Configure S3 as the datastore for the PLC Messages

  1. Firstly from the AWS Console create a new S3 bucket called plc-store with the region and your account id in the name.

e.g plc-store-us-east-1-12312312123

  1. From the AWS Console select Kinesis and click "Get Started" if required.
  2. Click "Create a delivery stream" for Firehose.
  3. Name the stream plcStore and leave the Source as "Direct PUT", click Next.
  4. Leave "Record transformation" and "Record format conversion" as disabled and click Next.
  5. Set S3 as the destination, select the S3 bucket you just created and Click Next. Kinesis 1
  6. Leave all settings as default apart from changing the Buffer Interval to 60, Create a new IAM role.
  7. Click Next and then "Create delivery stream"
  8. Once created go to IoT Core, select Act and then Create.
  9. Name the rule "plcStore" and use the query statement "select * from 'plc/#'".
  10. Click Add Action and select "Send messages to an Amazon Kinesis Firehouse Stream" IoT Action
  11. Click configure action and select the Stream we just created called plcStore.
  12. Create a new IAM Role, name it plcKinesisStoreRole and select it in the drop down. IoT Action 2
  13. Click Add action and then Create Rule.

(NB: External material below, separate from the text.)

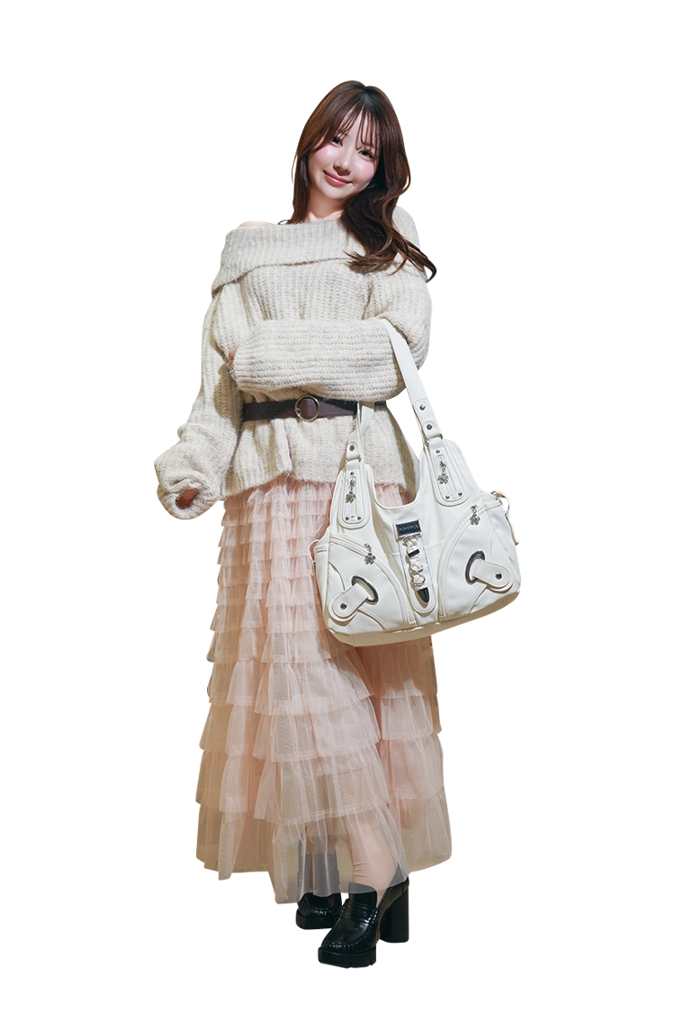 「韓国の弘大に行ったときに2,000円くらいで購入したバッグ。ガーリーな服を着ることが多いので、スタッズがついたY2Kなデザインがアクセントになる」

Once created all messages sent from Greengrass on the topic plc will now be store in S3. The buffer has been set to 60 seconds so after a minute you will start to see files appear in the S3 bucket.

Additional Tasks (Advanced)

If you have time you can now config visualise the data in Quicksight using Athena.

Additionally you could config Node Red to communicate to the PLC via Modbus.

Good Luck.

Final Note / Clear down.

Please make sure that you clear down/delete the resources created in this workshop once you are done. Make sure you delete the resources created manually before you delete the cloudformation template.